Key Verse: 2 Corinthians 12:9 “But He said to me, ‘My grace is sufficient for you, for my power is made perfect in weakness.’ Therefore I will boast all the more gladly about my weaknesses, so that Christ’s power may rest on me.” (NIV)
My oldest is a very compassionate and caring young man. He has always worn his feelings on his sleeve. However, he is also my dramatic child. He exaggerates his pain so much you would think that he is dying. So, when he came in and said his back hurt “extremely bad”, after being bumped by our 4 month old calf, I didn’t think too much of it. The next day he went to school where he played kickball, ran and jumped around. He then came home and wrestled with his younger brother.
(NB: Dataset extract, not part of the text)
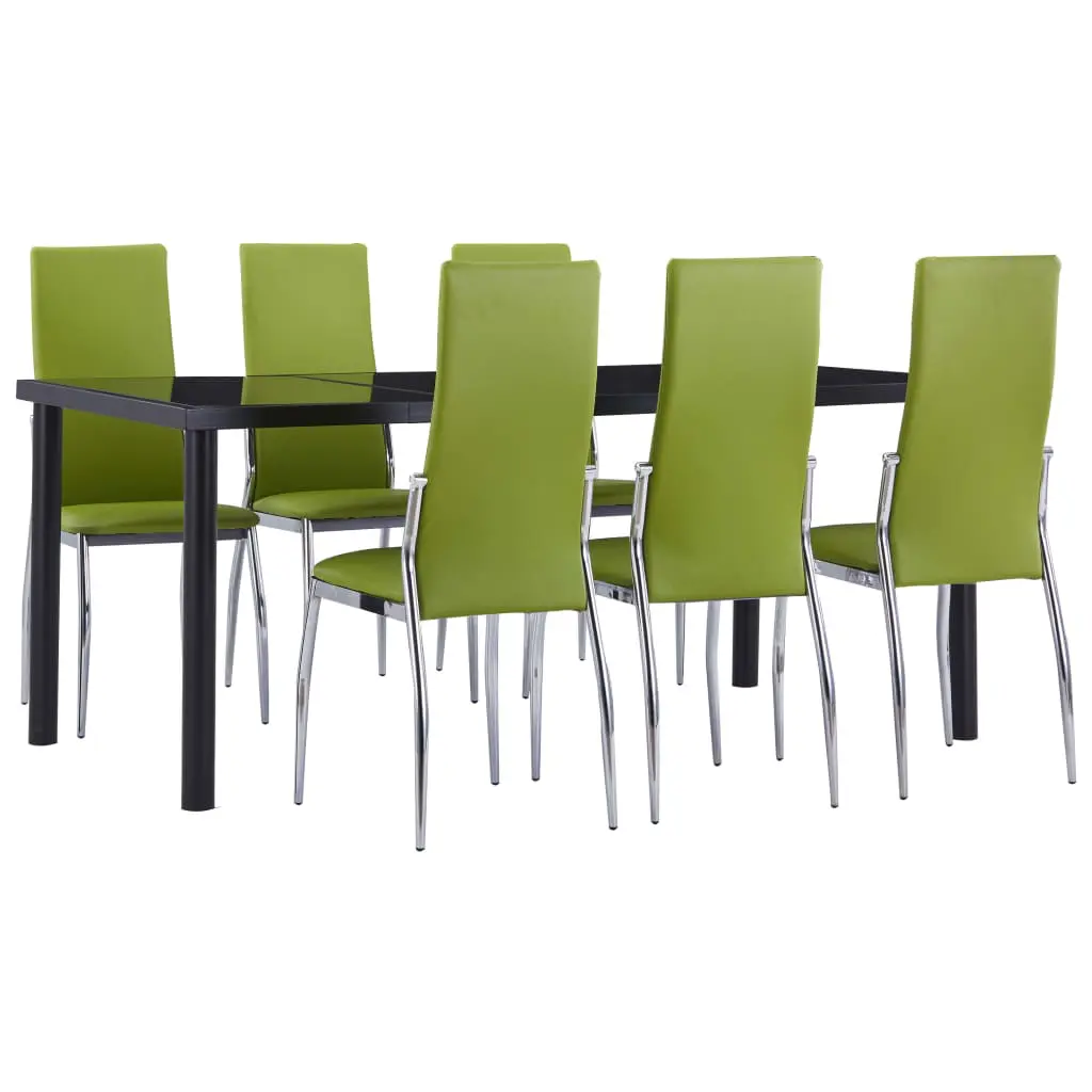 Featuring a stylish and modern design, our dining set is perfect to go with any homes, dining areas, or commercial restaurants. Its clean and contemporary design will complement any interior decor. The table has a smooth tempered glass tabletop that is easy to clean with just a damp cloth. The powder-coated metal frame contributes to its solid construction, bringing great stability and durability. The chairs are upholstered in a soft faux leather and thickly padded to provide maximum comfort. Its ergonomic design makes the dining chair exceedingly comfortable to nestle. Additionally, thanks to the chromed metal frame, the chairs are considerably sturdy and stable. This dining set is easy to assemble. Our dinner set is ideal for hosting a feast to your family and friends. Delivery includes a table and 6 chairs.

Before bed, he said it hurt badly. I gave him some Tylenol and told him to go to bed. This went on for about a week, when he came to me and said that it hurt to go to the bathroom I decided to take him in thinking that there may be more to this. On Friday we went in and the doctor took x-rays. Everything looked fine; it was most likely just a deep bruise. The next week the doctor called saying that the radiologist found a hairline fracture on his coccyx bone. He broke his tail bone! I felt horrible! I felt this was a major
failure on my part as a mom. I had so many negative thoughts about myself running through my head. My son had his first broken bone and needed me to be compassionate, I failed. There was nothing that we could really do except let it heal. Nothing would have been different if I took him in sooner. I am not perfect, I know this, and I have made plenty of mistakes. So, why do I, as a woman, and as a mom feel so guilty or awful when I make mistakes? (I know I’m not the only woman or mom that feels this way.)
This is our encouragement: “But He said to me, ‘My grace is sufficient for you, for my power is made perfect in weakness.’ Therefore I will boast all the more gladly about my weaknesses, so that Christ’s power may rest on me” 2 Corinthians 12:9. I am so grateful for a God that forgives me. His Grace is sufficient for me. If He can forgive me, I can forgive myself and learn from my
mistakes instead of feeling guilty over them. Feeling guilty is one of my many weaknesses. Through these weaknesses His power is made perfect. Wow! To think that by me admitting my weaknesses and areas where I struggle I can affirm God’s strength.
Father God, I thank You that I have weaknesses, and that Your power can shine through to me and others. Please continue to show me my weaknesses so I can continue to depend on You for strength and power. Nothing is too big for You.